• [WORK TO COMPLETE] Go through the records below from the first line and print each one exactly, stopping after the line that contains "Casual is looking". Do not print pictures or anything past that line.

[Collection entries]

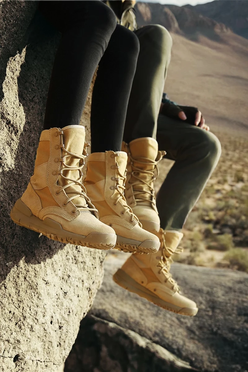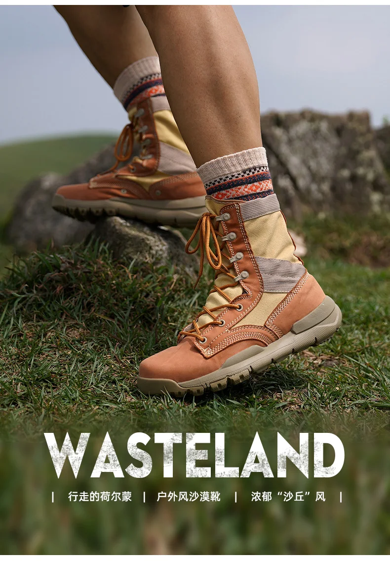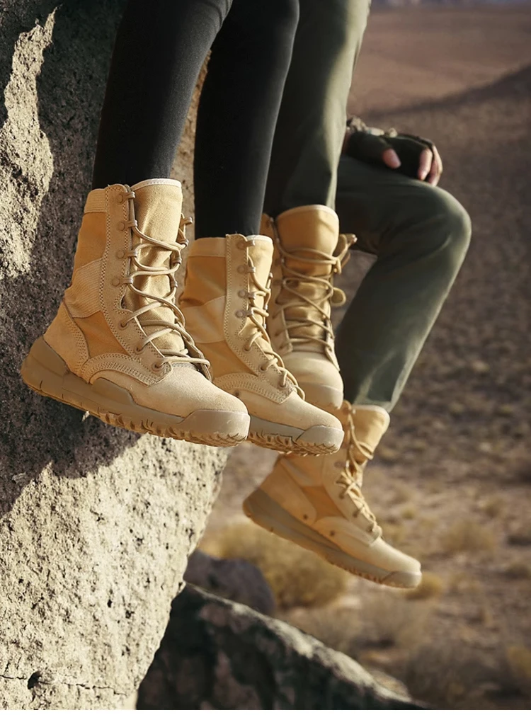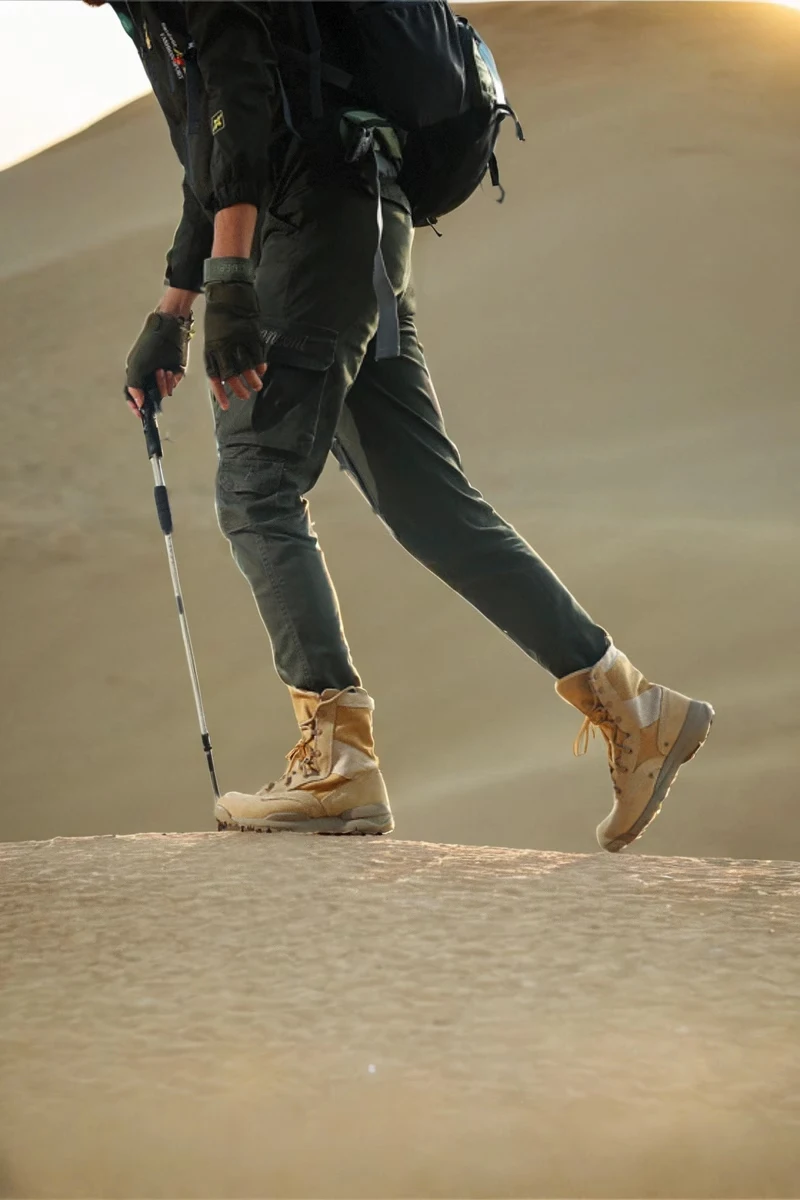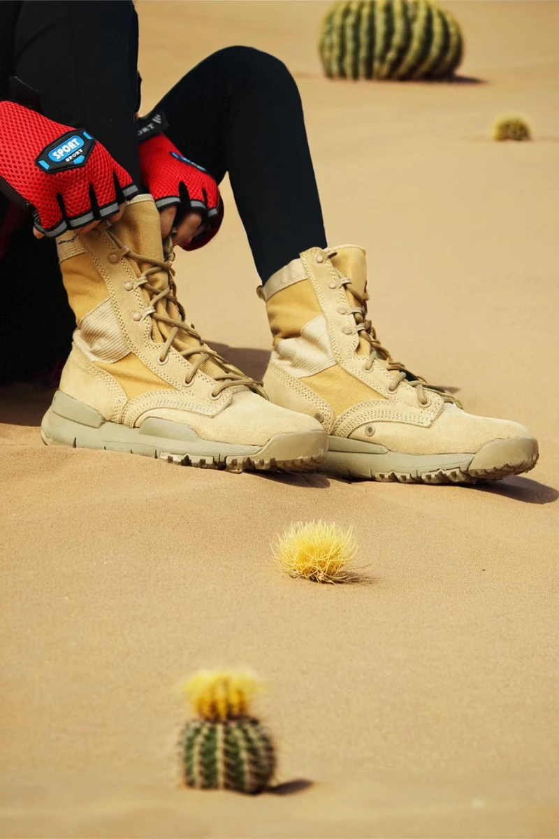 KOWM-zapatos de senderismo para hombre, botas impermeables, zapatos de caza, zapatos tácticos, zapatillas tobilleras de combate en el desierto, botas militares de piel de vaca
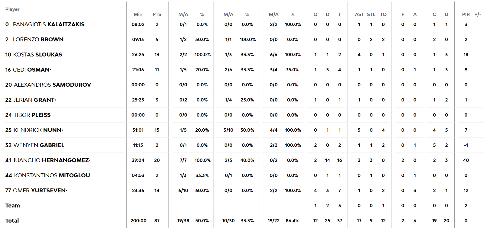 Ομέρ Γιουρτσεβέν (7.5/10): Θετική εμφάνιση από τον Γιουρτσεβέν σε άμυνα-επίθεση με 14 πόντους και 7 ριμπάουντ (4 επιθετικά).
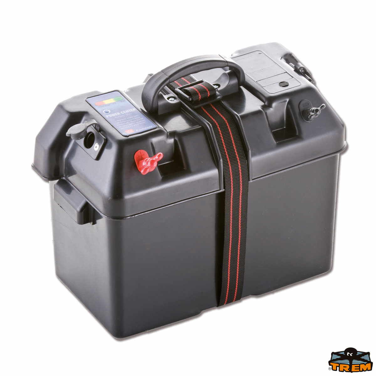 Cassetta portabatteria precablata ed equipaggiata CASSETTA BATT100AMP COMPLETA Equipaggiata con morsetti esterni + presa corrente stagna con fusibile automatico da 10A stagno + indicatore a LED dello stato di carica della batteria.
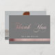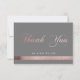 calligraphie rose gold écriture personnalisée "merci" sur un fond gris fumé avec bordure rose gold et vos monogrammes en police sans empattement. Le verso comporte votre photo personnalisée pour remercier vos personnes spéciales avec style
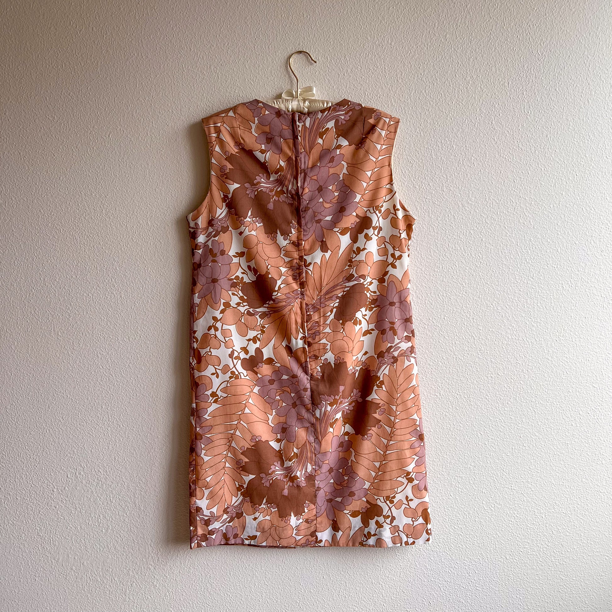Casual is looking as cute as a button! Vintage sleeveless dress features a boat neckline with a shift silhouette. Fabric is composed of a white background with a taupe, tan, and brown floral pattern design. Dress is lined in cotton. Original zipper on the back. Light weight. No label. No stretch. Fabric content is cotton and polyester. Dress is in excellent condition. Freshly cleaned and ready to wear!
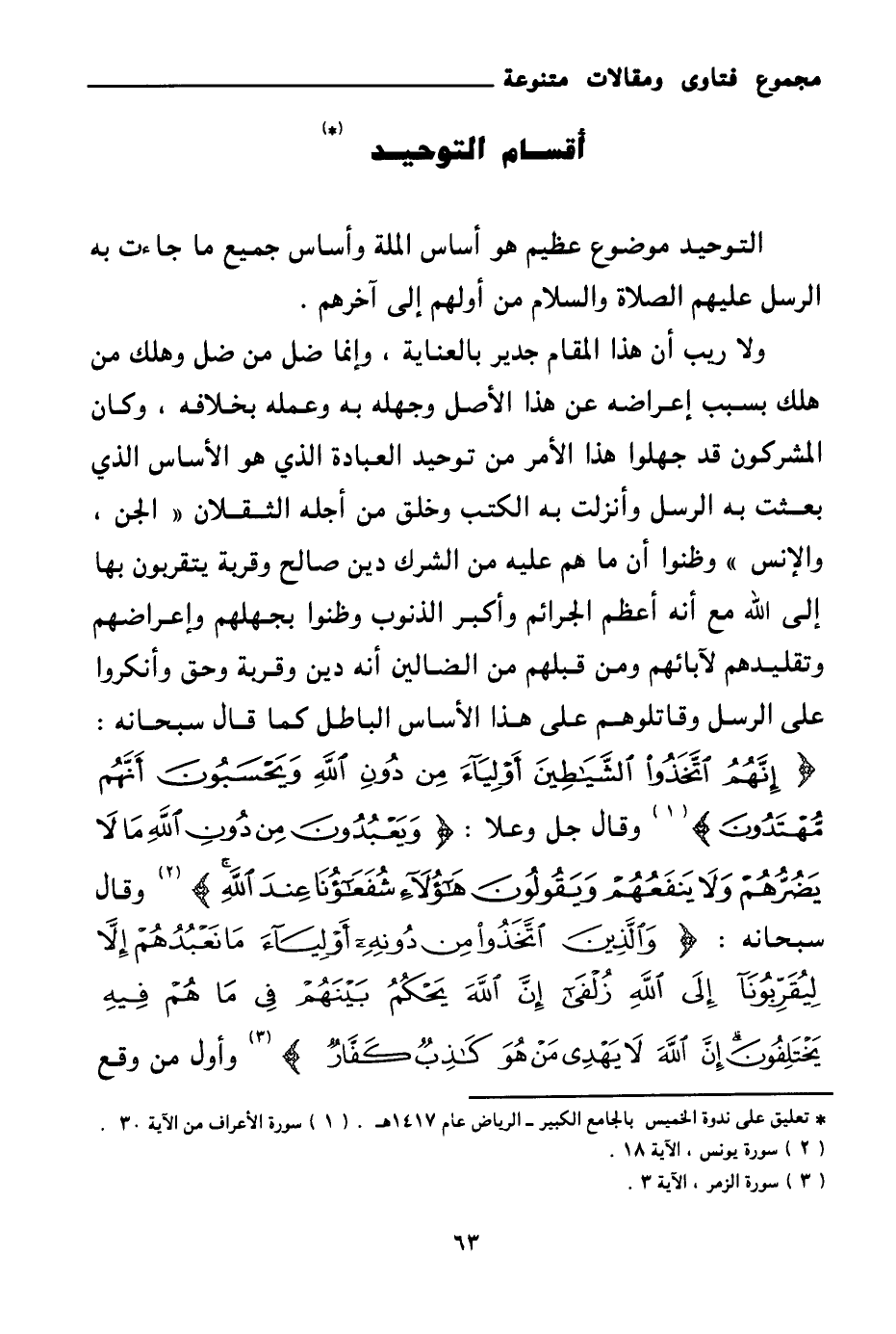 ولا ريب أن هذا المقام جدير بالعناية، وإنما ضل من ضل وهلك من هلك بسبب إعراضه عن هذا الأصل وجهله به وعمله بخلافه، وكان المشركون قد جهلوا هذا الأمر من توحيد العبادة الذي هو الأساس الذي بعثت به الرسل وأنزلت به الكتب وخلق من أجله الثقلان " الجن، والإنس " وظنوا أن ما هم عليه من الشرك دين صالح وقربة يتقربون بها إلى الله مع أنه أعظم الجرائم وأكبر الذنوب وظنوا بجهلهم وإعراضهم وتقليدهم لآبائهم ومن قبلهم من الضالين أنه دين وقربة وحق وأنكروا على الرسل وقاتلوهم على هذا الأساس الباطل كما قال سبحانه: {إِنَّهُمُ اتَّخَذُوا الشَّيَاطِينَ أَوْلِيَاءَ مِنْ دُونِ اللَّهِ وَيَحْسَبُونَ أَنَّهُمْ مُهْتَدُونَ} (¬2) وقال جل وعلا: {وَيَعْبُدُونَ مِنْ دُونِ اللَّهِ مَا لَا يَضُرُّهُمْ وَلَا يَنْفَعُهُمْ وَيَقُولُونَ هَؤُلَاءِ شُفَعَاؤُنَا عِنْدَ اللَّهِ} (¬3) وقال سبحانه: {وَالَّذِينَ اتَّخَذُوا مِنْ دُونِهِ أَوْلِيَاءَ مَا نَعْبُدُهُمْ إِلَّا لِيُقَرِّبُونَا إِلَى اللَّهِ زُلْفَى إِنَّ اللَّهَ يَحْكُمُ بَيْنَهُمْ فِي مَا هُمْ فِيهِ يَخْتَلِفُونَ إِنَّ اللَّهَ لَا يَهْدِي مَنْ هُوَ كَاذِبٌ كَفَّارٌ} (¬4)
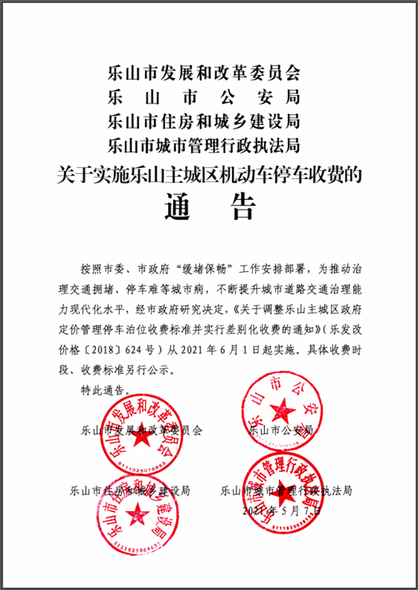 四川新闻网消息(蒲晓君)5月7日,乐山市发展改革委、市公安局、市住房城乡建设局和市城管执法局联合发布通告,启动主城区公共停车收费管理工作,并公布了《乐山主城区机动车停车收费标准》,首批831个临时占道公共停车泊位于5月10日起免费试运营,6月1日起正式纳入收费管理。
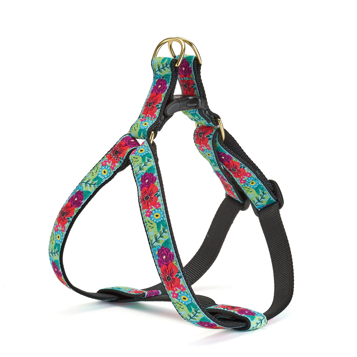 Made in the USA! Our popular step-in style harnesses are adjustable three ways to perfectly suit your dog's shape and size. They are a breeze to get on and off too! Your dog simply steps in and then the quick-release buckle snaps together effortlessly over their shoulders. Our harnesses are made from high-tensile strength nylon webbing with sewn on polyester and nylon ribbons, and are stain and fray resistant. They are designed to last a lifetime! Complete the look with the matching collar and lead.
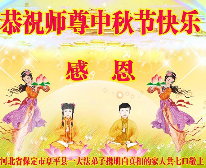 Porodica praktikantice iz grada Baodinga u provinciji Hebei je poželjela Učitelju Liju sretan Praznik sredine jeseni. U svojoj čestitci su napisali: „Moja majka ove godine puni 91 godinu. Otkako je prije dvije decenije počela prakticirati Falun Gong, ona se preobrazila iz osobe koja je od glave do pete patila od raznih bolesti, nesposobne da obavlja bilo koji posao u vrlo zdravu osobu bez ikakve bolesti. Pored toga, ona više nije nagluha, vid joj je dobar, nema sijedu kosu, zubi su joj zdravi a ona hitro obavlja kućanske poslove. Budući da ona prakticira Falun Gong, ja se kao njena kćerka nikada nisam morala brinuti o njenom zdravlju. Prema njenim riječima, o njoj se brine njen Učitelj. Hvala vam, Učitelju, što ste mojoj majci podarili zdravo tijelo. ”
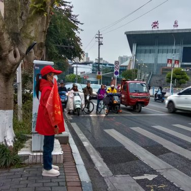 志愿者身着统一服装、手持引导红旗,早晚高峰坚守重点路口,主动担当文明交通“守护者”与“宣传员”,耐心引导行人走人行横道、遵守信号灯,劝导非机动车不逆行、不闯红灯,提醒驾驶员文明礼让,对不文明行为柔性劝导,讲解文明出行意义,引导市民摒弃陋习。
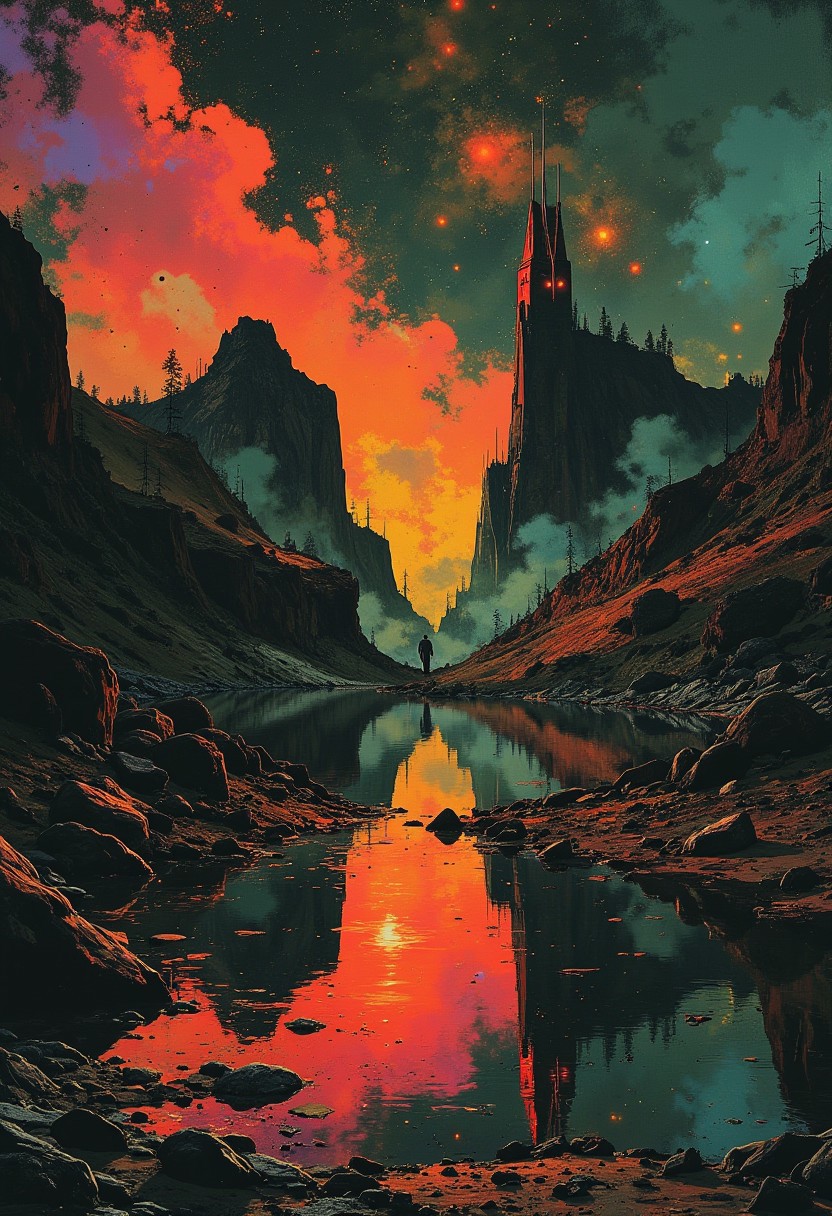 abstract oil painting, gradient vibrant neon colour, rough, textural, broad brush strokes, a futuristic sci-fi city with tall, perfectly reflected in a tranquil, still lake, at night, surreal colours, detailed night sky with stars and nebulas
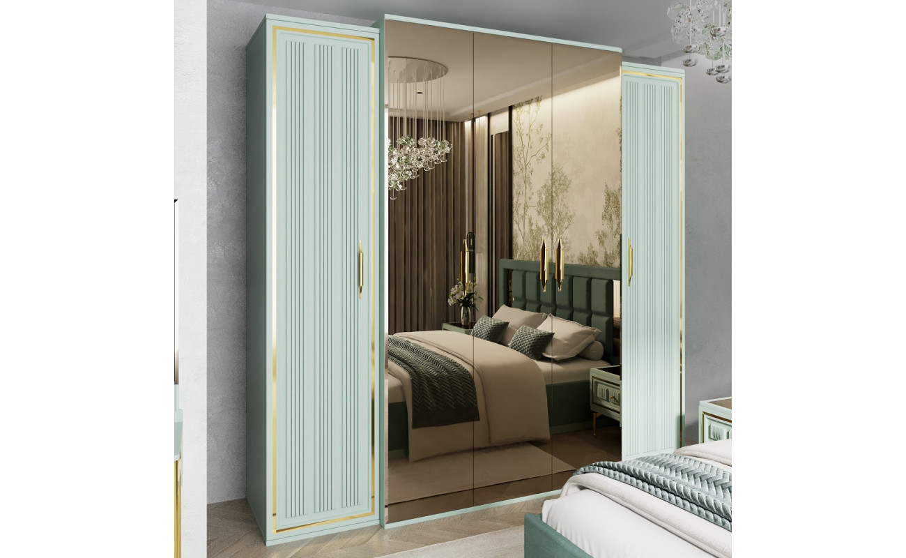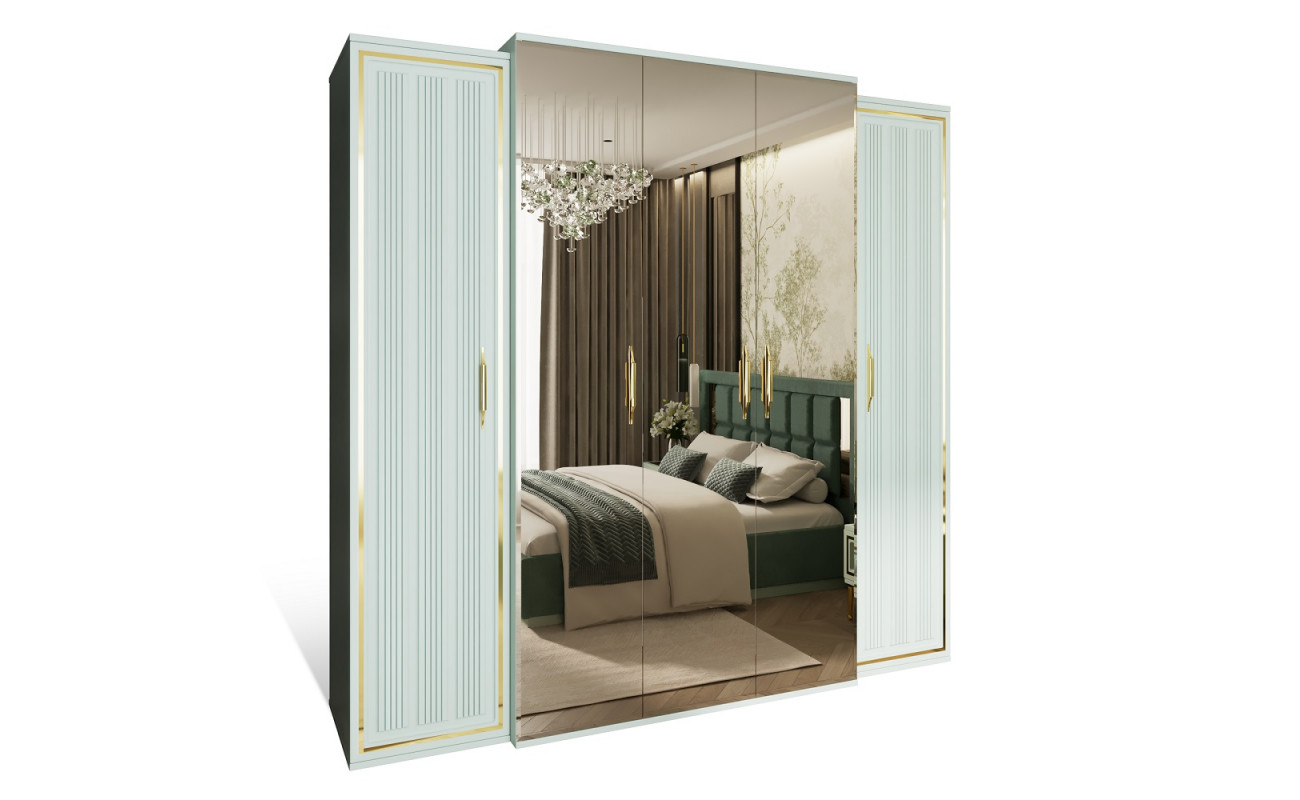 Фасады оснащены фурнитурой с доводчиком и украшены металлизированным латунным декором — этот тренд сезона является авторским стилем фабрики Эра и такой же декор используется в спальне Lara – это расширяет возможности и позволяет миксовать коллекции новинок.

• [EXERCISE SOLUTION]
 KOWM-zapatos de senderismo para hombre, botas impermeables, zapatos de caza, zapatos tácticos, zapatillas tobilleras de combate en el desierto, botas militares de piel de vaca
 Ομέρ Γιουρτσεβέν (7.5/10): Θετική εμφάνιση από τον Γιουρτσεβέν σε άμυνα-επίθεση με 14 πόντους και 7 ριμπάουντ (4 επιθετικά).
 Cassetta portabatteria precablata ed equipaggiata CASSETTA BATT100AMP COMPLETA Equipaggiata con morsetti esterni + presa corrente stagna con fusibile automatico da 10A stagno + indicatore a LED dello stato di carica della batteria.
 calligraphie rose gold écriture personnalisée "merci" sur un fond gris fumé avec bordure rose gold et vos monogrammes en police sans empattement. Le verso comporte votre photo personnalisée pour remercier vos personnes spéciales avec style
Casual is looking as cute as a button! Vintage sleeveless dress features a boat neckline with a shift silhouette. Fabric is composed of a white background with a taupe, tan, and brown floral pattern design. Dress is lined in cotton. Original zipper on the back. Light weight. No label. No stretch. Fabric content is cotton and polyester. Dress is in excellent condition. Freshly cleaned and ready to wear!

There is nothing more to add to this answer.